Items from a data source
>>>

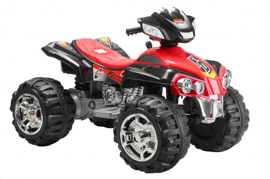 Elektrisk firehjuling for barn (alder: 3-8) med frekke lydeffekter. Hastighet 3-6 km/H (foran og bak). Maks belastning 30 kg.
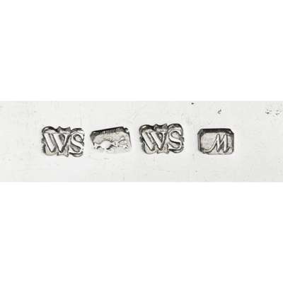 Marked WS, pot of lilies, WS, M, of Celtic Point pattern with crest and motto to terminal
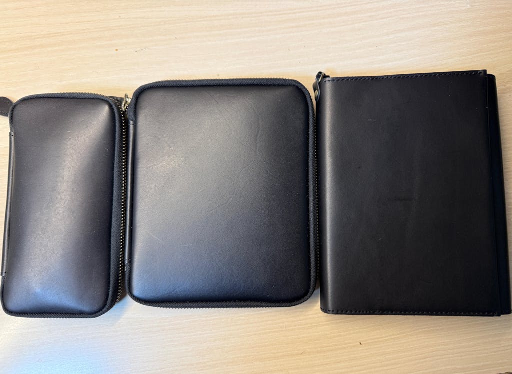 Leather is surprisingly lightweight (huge win!), pen holder is spacious, can fit even chunkier fountain pens. Side pockets and bookmarks are a thoughtful touch. Can fit my planner perfectly (Take A Note B6), can even fit another slim notebook inside. It’s slowly turning a more caramel color. Overall, loving it!
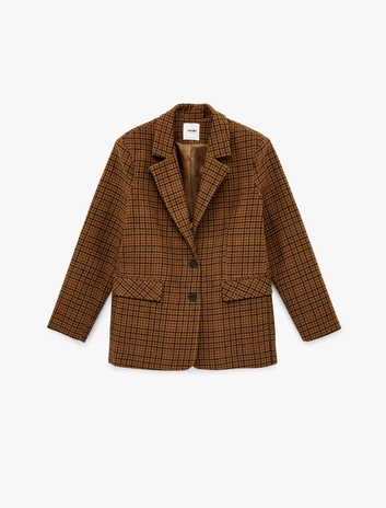 Cep Detaylı Geniş Yaka Düğmeli Uzun Kollu Ekoseli Blazer Ceket
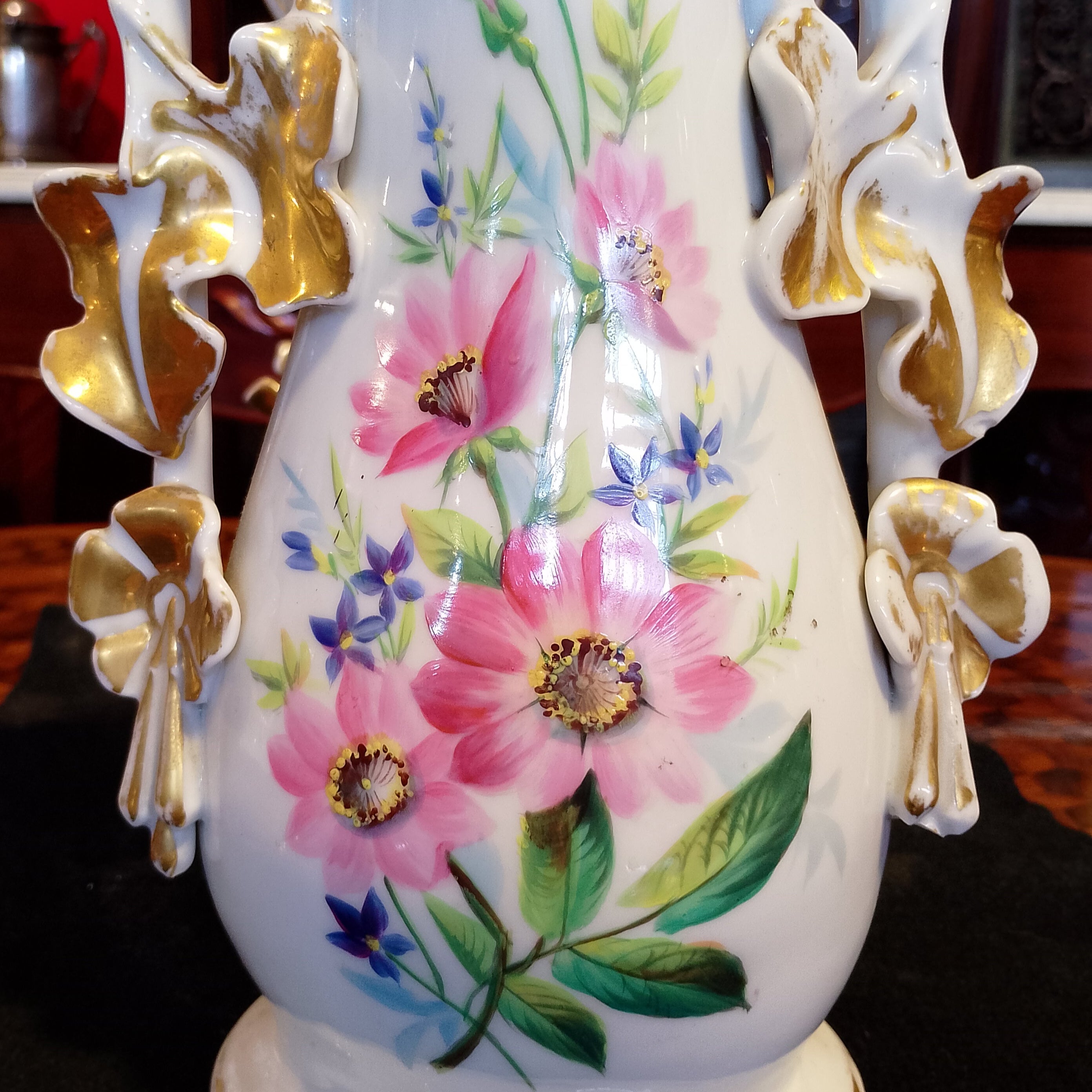 Magnifique vase élisabéthain Vieux Paris peint à la main avec un motif floral dominé par des couleurs vives et de l'or, apportant luminosité et élégance à votre intérieur.
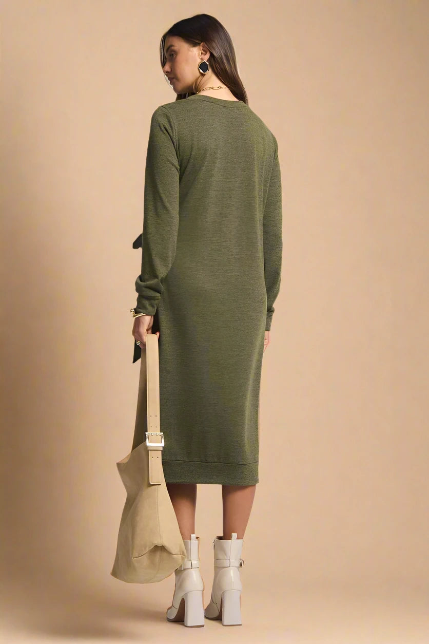 This comfy hacci knit tunic dress feels unbelievably soft and looks super cute! It’s the ideal mix of cozy and chic, featuring a playful side tie that snugs your waist perfectly while keeping the flowy, relaxed vibe. With long sleeves and a midi length that falls just below the knee, it’s your new go-to for effortless style and comfort.

<<<

Exact repetition of all entries is required. The pictures should not appear.

 Elektrisk firehjuling for barn (alder: 3-8) med frekke lydeffekter. Hastighet 3-6 km/H (foran og bak). Maks belastning 30 kg.
 Marked WS, pot of lilies, WS, M, of Celtic Point pattern with crest and motto to terminal
 Leather is surprisingly lightweight (huge win!), pen holder is spacious, can fit even chunkier fountain pens. Side pockets and bookmarks are a thoughtful touch. Can fit my planner perfectly (Take A Note B6), can even fit another slim notebook inside. It’s slowly turning a more caramel color. Overall, loving it!
 Cep Detaylı Geniş Yaka Düğmeli Uzun Kollu Ekoseli Blazer Ceket
 Magnifique vase élisabéthain Vieux Paris peint à la main avec un motif floral dominé par des couleurs vives et de l'or, apportant luminosité et élégance à votre intérieur.
 This comfy hacci knit tunic dress feels unbelievably soft and looks super cute! It’s the ideal mix of cozy and chic, featuring a playful side tie that snugs your waist perfectly while keeping the flowy, relaxed vibe. With long sleeves and a midi length that falls just below the knee, it’s your new go-to for effortless style and comfort.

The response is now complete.